Leader selection and weight adjustment problems for multi-agent systems
Bin Zhao, Yongqiang Guan, Long Wang

TL;DR
This paper investigates how to improve controllability in multi-agent systems by selecting leaders and adjusting edge weights, providing algebraic conditions, algorithms, and simulations for optimal control strategies.
Contribution
It introduces necessary and sufficient conditions for controllability with minimal leaders and develops an algorithm for weight adjustment to enhance controllability.
Findings
Controllability with fewest leaders characterized algebraically.
Structural controllability linked to the presence of a spanning tree.

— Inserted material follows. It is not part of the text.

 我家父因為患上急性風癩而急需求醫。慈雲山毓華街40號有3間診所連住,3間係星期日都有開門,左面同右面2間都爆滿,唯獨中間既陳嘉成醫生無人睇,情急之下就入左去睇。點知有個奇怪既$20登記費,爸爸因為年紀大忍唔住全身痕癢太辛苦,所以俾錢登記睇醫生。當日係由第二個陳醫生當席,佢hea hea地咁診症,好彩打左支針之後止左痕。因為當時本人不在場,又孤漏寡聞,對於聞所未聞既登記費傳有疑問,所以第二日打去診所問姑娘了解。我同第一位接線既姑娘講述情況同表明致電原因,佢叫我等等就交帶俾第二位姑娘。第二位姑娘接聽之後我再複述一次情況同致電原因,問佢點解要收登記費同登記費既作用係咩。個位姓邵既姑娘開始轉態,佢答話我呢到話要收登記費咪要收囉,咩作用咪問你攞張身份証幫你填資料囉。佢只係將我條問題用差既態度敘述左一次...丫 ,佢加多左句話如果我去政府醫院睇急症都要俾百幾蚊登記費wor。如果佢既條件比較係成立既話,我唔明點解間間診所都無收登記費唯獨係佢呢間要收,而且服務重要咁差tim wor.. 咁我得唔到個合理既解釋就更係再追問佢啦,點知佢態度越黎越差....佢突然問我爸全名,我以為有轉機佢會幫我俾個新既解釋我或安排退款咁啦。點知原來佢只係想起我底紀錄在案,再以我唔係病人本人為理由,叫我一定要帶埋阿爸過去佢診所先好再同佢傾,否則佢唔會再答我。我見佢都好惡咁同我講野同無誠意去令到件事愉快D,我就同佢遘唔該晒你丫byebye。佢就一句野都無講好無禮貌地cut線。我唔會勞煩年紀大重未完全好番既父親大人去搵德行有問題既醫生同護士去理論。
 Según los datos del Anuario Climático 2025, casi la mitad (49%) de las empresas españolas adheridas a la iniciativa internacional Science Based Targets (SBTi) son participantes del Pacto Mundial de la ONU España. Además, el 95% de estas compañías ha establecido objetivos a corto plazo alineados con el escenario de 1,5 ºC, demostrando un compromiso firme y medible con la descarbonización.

Number of edges to adjust equals the controllability matrix's rank deficiency.
Abstract
For an uncontrollable system, adding leaders and adjusting edge weights are two methods to improve controllability. In this paper, controllability of multi-agent systems under directed topologies is studied, especially on leader selection problem and weight adjustment problem. For a given system, necessary and sufficient algebraic conditions for controllability with fewest leaders are proposed. From another perspective, when leaders are fixed, controllability could be improved by adjusting edge weights, and therefore the system is supposed to be structurally controllable, which holds if and only if the communication topology contains a spanning tree. It is also proved that the number of fewest edges needed to be assigned on new weights equals the rank deficiency of controllability matrix. An algorithm on how to perform weight adjustment is presented. Simulation examples are provided to…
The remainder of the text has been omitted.